▸ **Task prompt**
Exactly and only the lines below from the one containing "1952 This illustration" down to the one containing "Emerson 14-in Matte" are wanted, both included; please exclude every picture.

▸ **Input for this task**
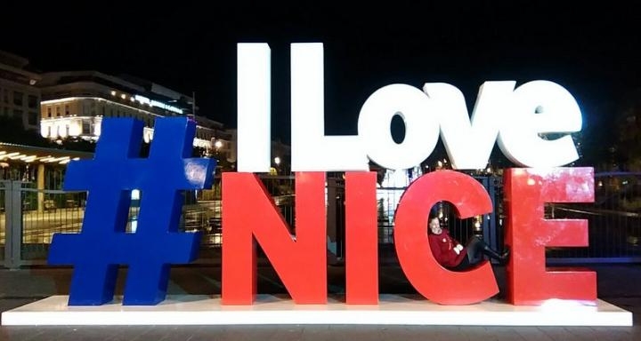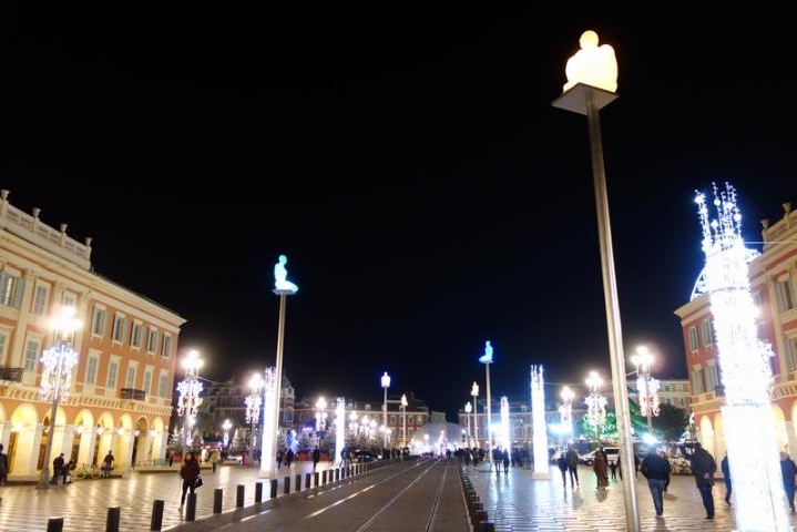 Nice has a very cool lighting installation- giant sitting men on poles, each lit in a bright pastel color.
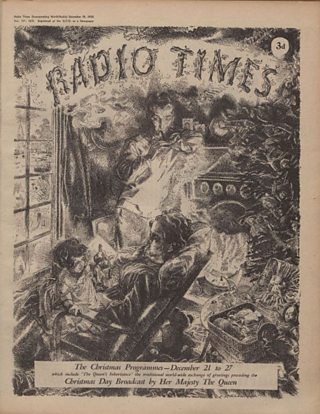 1952 This illustration stands out in the 1950s with a family in a surreal, smoke-filled room warmed by the glow of a wireless set. With just a hint of a Christmas tree and a snow-filled landscape, our contemporary view of the season would take a while to emerge. Queen Elizabeth's first Christmas broadcast is given star billing on this cover.
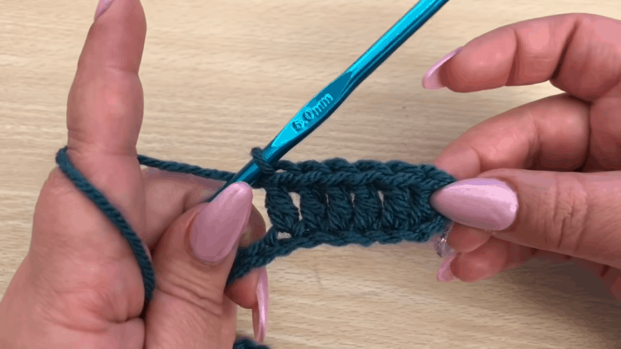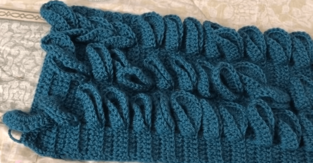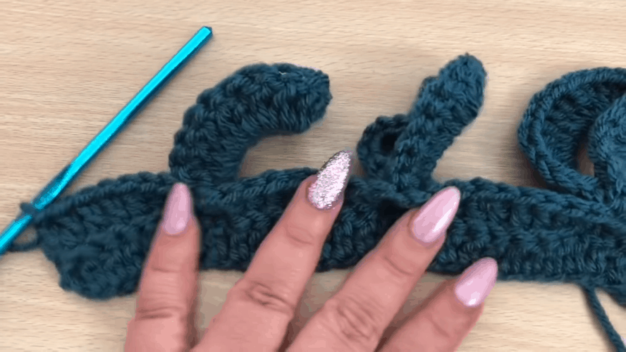 Padarome 13 kilpų grandinę ir pritvirtiname ją paskutinio (šiuo atveju 7) stulpelio viršuje. Toliau nometame 9 kilpas (kb), 9 kilpų grandinę, vėl 9 kilpas (kb) ir 9 kilpų grandinę, užbaigdami 7 kilpomis (kb).
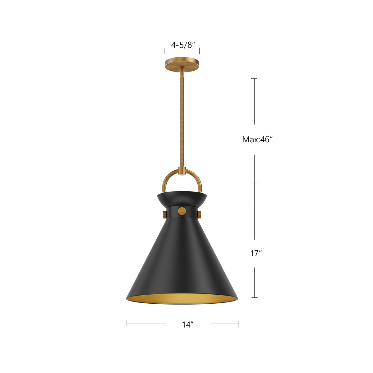 Emerson 14-in Matte Black/Aged Gold 1 Light Pendant
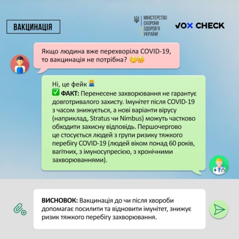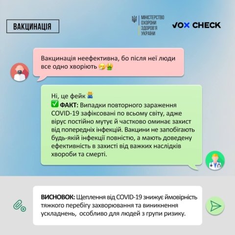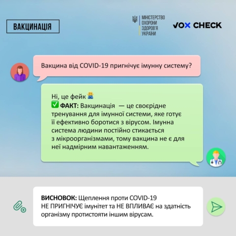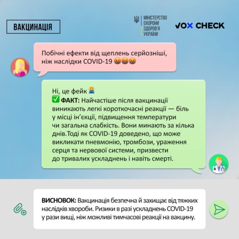 Правдиві дані — це ваш захист. Разом з командою фактчекерів VoxCheck зібрали та спростували найпоширеніші фейки, які з’явилися у соціальних мережах довкола вакцинації від COVID-19. Зберігайте та поширюйте лише правдиві факти.
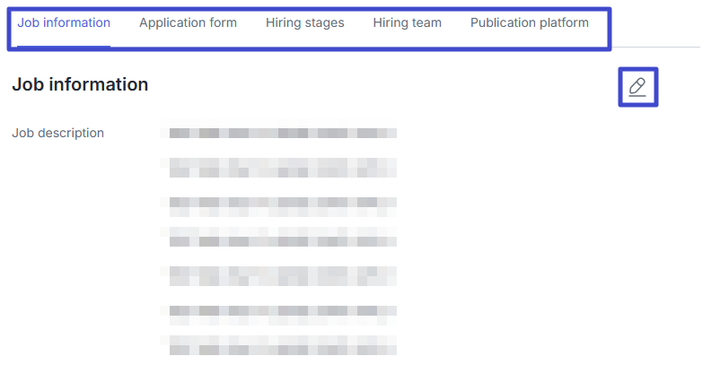 You can also change the data on the Job information, Application form, Hiring stages, Hiring team, and Publication platform tabs by clicking the “Pencil” icon.

▸ **Answer section**
 1952 This illustration stands out in the 1950s with a family in a surreal, smoke-filled room warmed by the glow of a wireless set. With just a hint of a Christmas tree and a snow-filled landscape, our contemporary view of the season would take a while to emerge. Queen Elizabeth's first Christmas broadcast is given star billing on this cover.
 Padarome 13 kilpų grandinę ir pritvirtiname ją paskutinio (šiuo atveju 7) stulpelio viršuje. Toliau nometame 9 kilpas (kb), 9 kilpų grandinę, vėl 9 kilpas (kb) ir 9 kilpų grandinę, užbaigdami 7 kilpomis (kb).
 Emerson 14-in Matte Black/Aged Gold 1 Light Pendant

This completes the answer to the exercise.